WORK INSTRUCTIONS: Without copying any pictures, restate exactly the lines from the start of the records through the line containing "实操体验环节更是让活动氛围达".

(Records from a dataset)
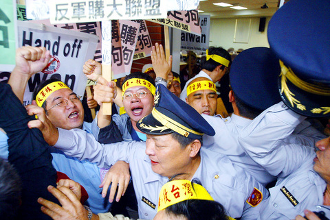 While the committee was convening yesterday, dozens of people from the Anti-Arms Purchasing Alliance led by independent Legislator May Chin (高金素梅) staged a protest, shouting "oppose arms purchase."
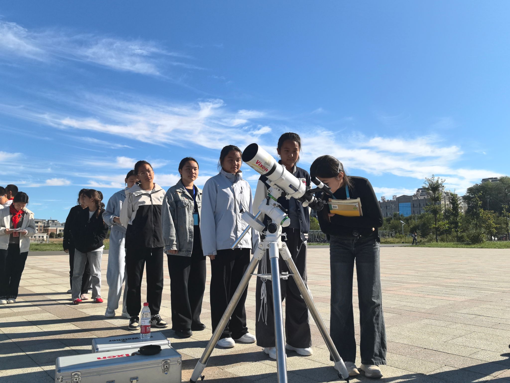 实操体验环节更是让活动氛围达到高潮。专家们带来的专业观测设备深受同学们的喜爱。在塔城市第四小学的操场上,科技工作者手把手指导学生操作天文望远镜,调整焦距、对准天体,当孩子们通过镜头清晰看到太阳黑子的轮廓、月球表面的环形山时,兴奋地互相分享观测发现。“原来月亮上的‘坑’这么大!”“太阳上真的有黑色的斑点!”稚嫩的惊叹声中,科学的种子悄然种下。
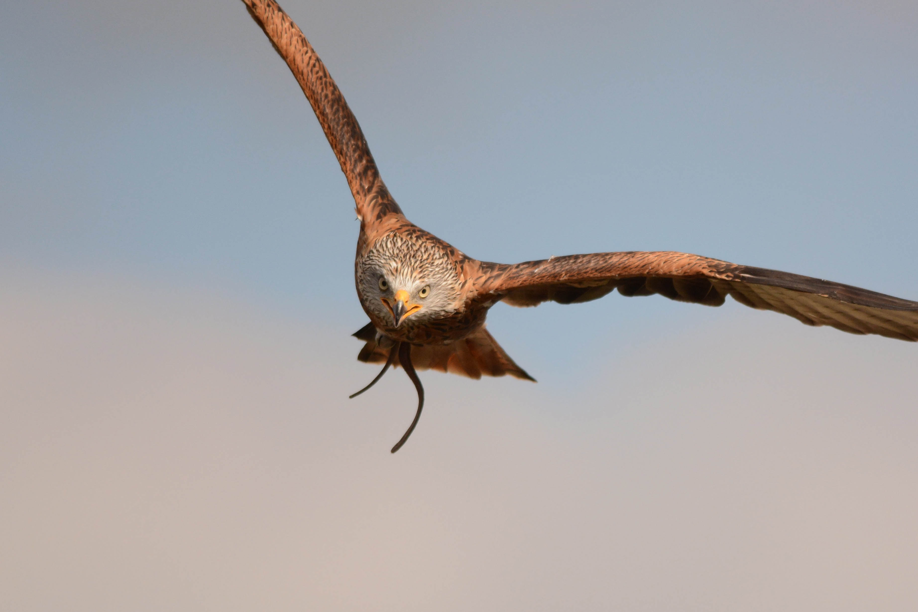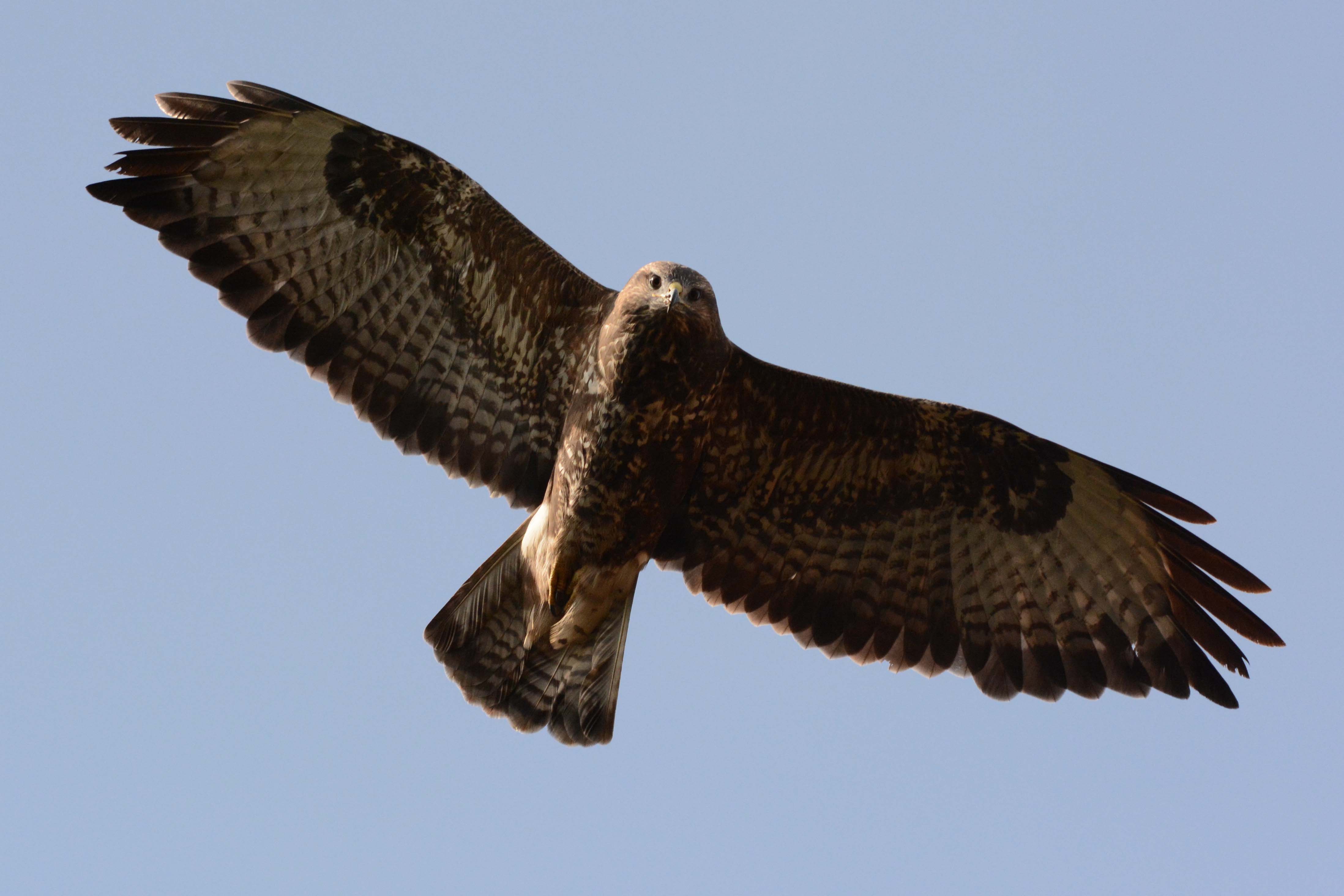 4. Ein Mäusebussard zieht ungefähr 15m über mir seine Kreise und schaut direkt in die Kamera. Bevor sich diese Gelegenheit bot, habe ich ca. 1,5 Stunden darauf gewartet, dass ein Vogel sich in Reichweite des 300mm Objektivs begibt. Dieses Bild ist nachträglich leicht zugeschnitten.
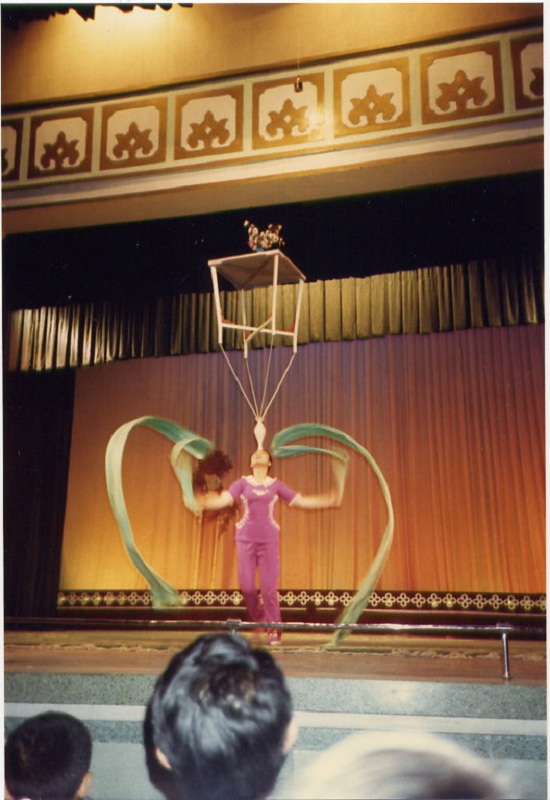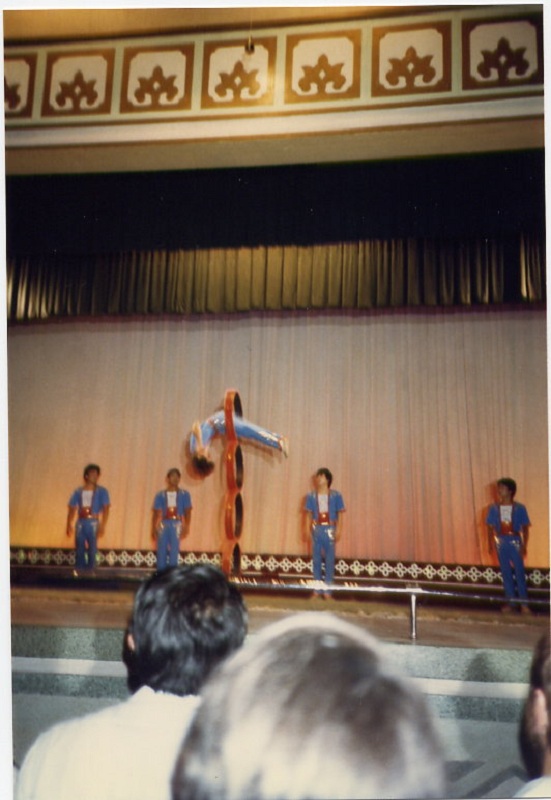 Acrobatics show in Beijing with lady balancing and man leaping through hoop
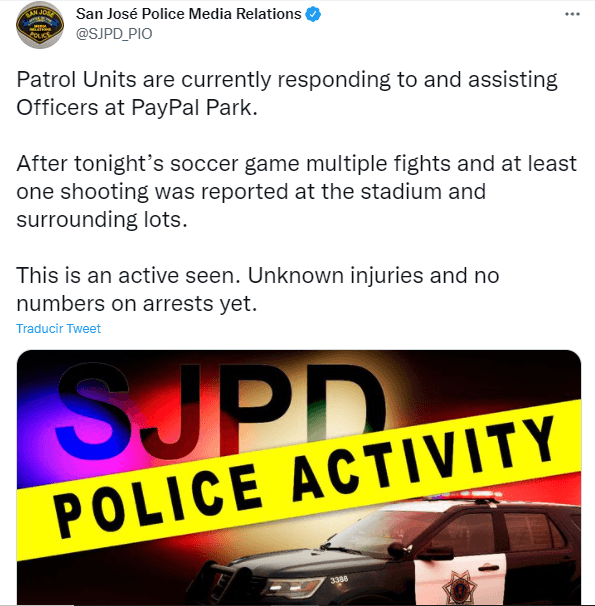 La policía de San José informó que después del encuentro detuvieron a cinco aficionados debido a distintos focos de pelea en las inmediaciones del PayPal Park. Incluso, se produjo un tiroteo en el estacionamiento del estadio de California. El hecho, tristemente, remonta al fallecido hace pocas semanas en Philadelphia.
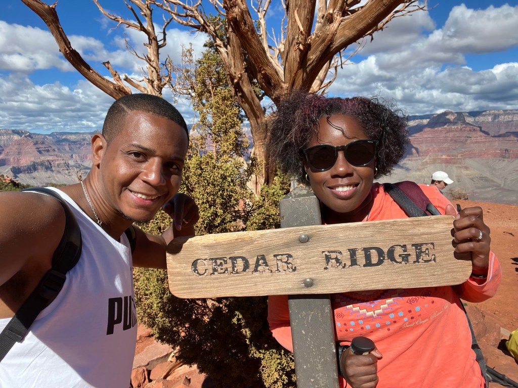 Le lendemain, journée très ensoleillée, 14 degrés, température idéale pour descendre dans le Canyon, par la randonnée de South Kaibab jusqu’au « Cedar Ridge » en passant par le « Ooh Aah Point » (environ 5km aller-retour pour un dénivelé + de 338 m).
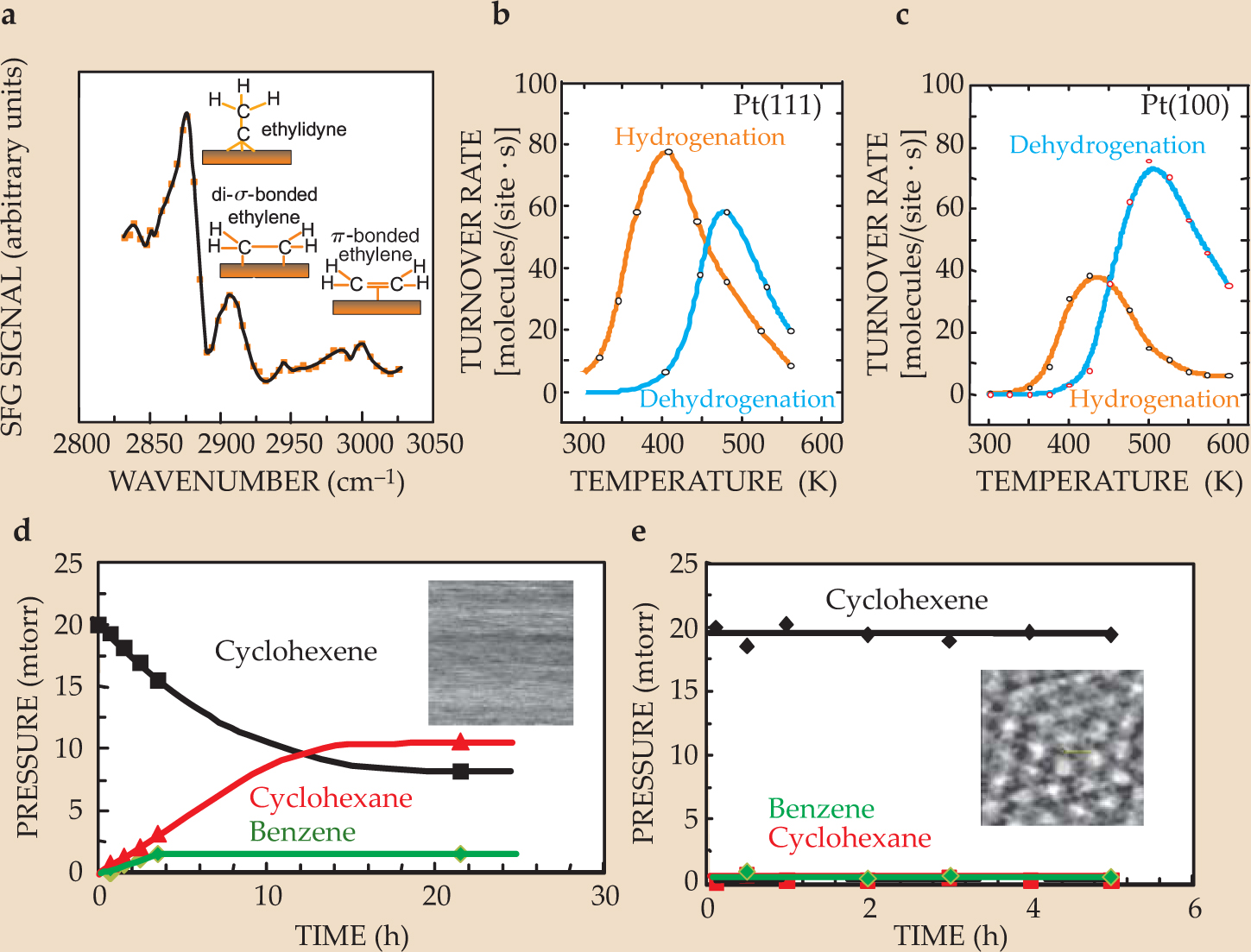 Figure 4. Hydrogenation of ethylene (C2H4) on a platinum surface. (a) Three species are detected in the sum-frequency-generation spectrum from a surface during ethylene hydrogenation. (b, c) The rates of cyclohexene hydrogenation and dehydrogenation differ between the platinum (111) and (100) surfaces. The reactions are surface-structure sensitive. (d) The progress of cyclohexene hydrogenation to cyclohexane and dehydrogenation to benzene is shown on a Pt(111) surface at 350 K. Because the adsorbed molecules are mobile on the surface, the inset scanning tunneling microscopy image shows no surface structure. (e) When carbon monoxide is added to the reaction mixture, the adsorbates lose their mobility, and the reaction does not progress.
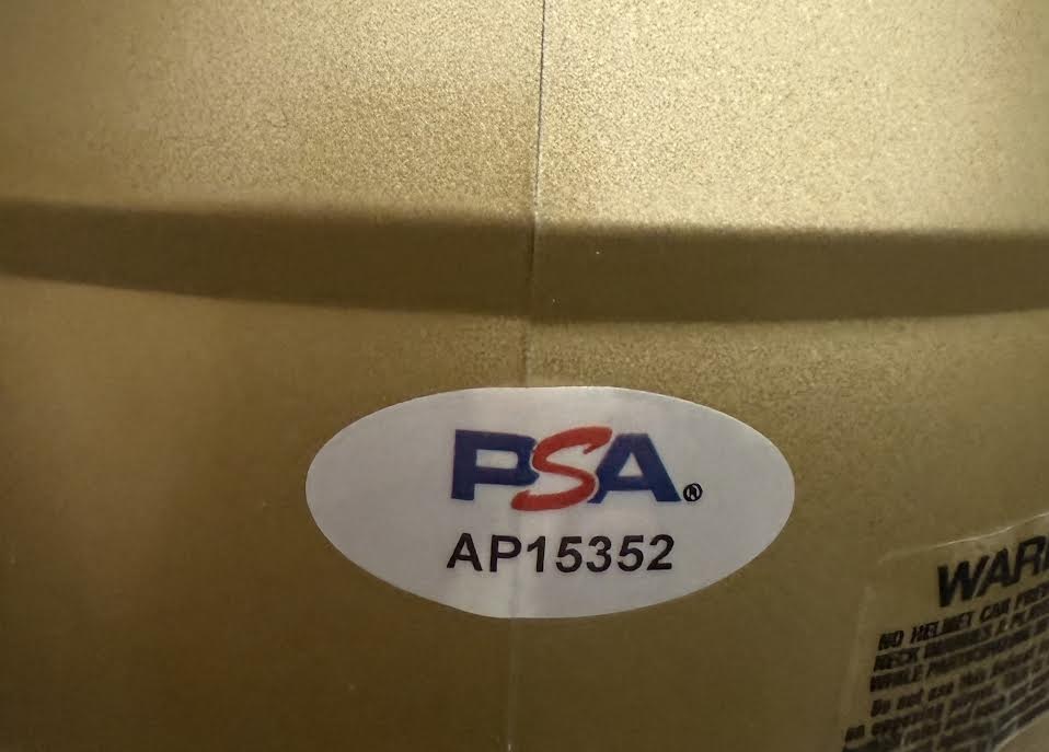 This hand signed mini helmet has been authenticated by a PSA hologram.
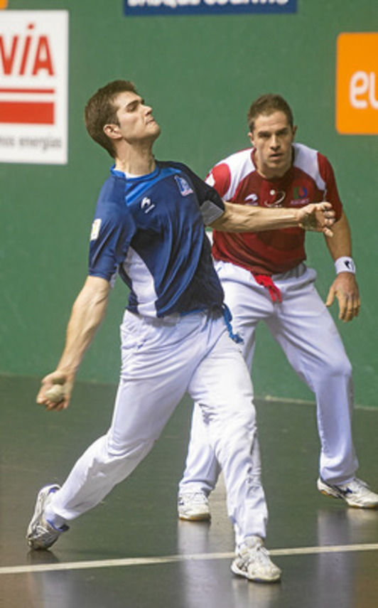 Sin haber pasado demasiado tiempo ante la calculadora, la pareja navarra de Aspe se aferró al orgullo, las matemáticas y a la labor de equipo ante un partido que puede ser definitivo este sábado. «Yo por lo menos no me he rendido, Joseba no sé. Nosotros lo que tenemos que hacer es ganar nuestros partidos y luego que pase lo que tenga que pasar. Tenemos pocas opciones pero todavía quedan y para ello tenemos que ganar nuestros tres partidos y luego que nos favorezcan los resultados, que Irujo y Olaizola ganen todos sus partidos», señaló el zaguero de Etxarren ayer en el Labrit.
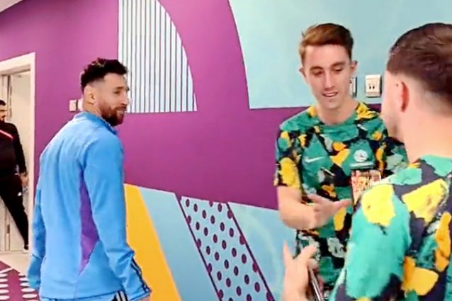 I calciatori dell'Australia hanno atteso Messi negli spogliatoi per una foto dopo la gara con l'Argentina: tre giocatori di Socceroos hanno aspettato che il numero 10 della Seleccìon tornasse per immortalare un momento con il loro idolo.

ANSWER FOR THE TASK:
 While the committee was convening yesterday, dozens of people from the Anti-Arms Purchasing Alliance led by independent Legislator May Chin (高金素梅) staged a protest, shouting "oppose arms purchase."
 实操体验环节更是让活动氛围达到高潮。专家们带来的专业观测设备深受同学们的喜爱。在塔城市第四小学的操场上,科技工作者手把手指导学生操作天文望远镜,调整焦距、对准天体,当孩子们通过镜头清晰看到太阳黑子的轮廓、月球表面的环形山时,兴奋地互相分享观测发现。“原来月亮上的‘坑’这么大!”“太阳上真的有黑色的斑点!”稚嫩的惊叹声中,科学的种子悄然种下。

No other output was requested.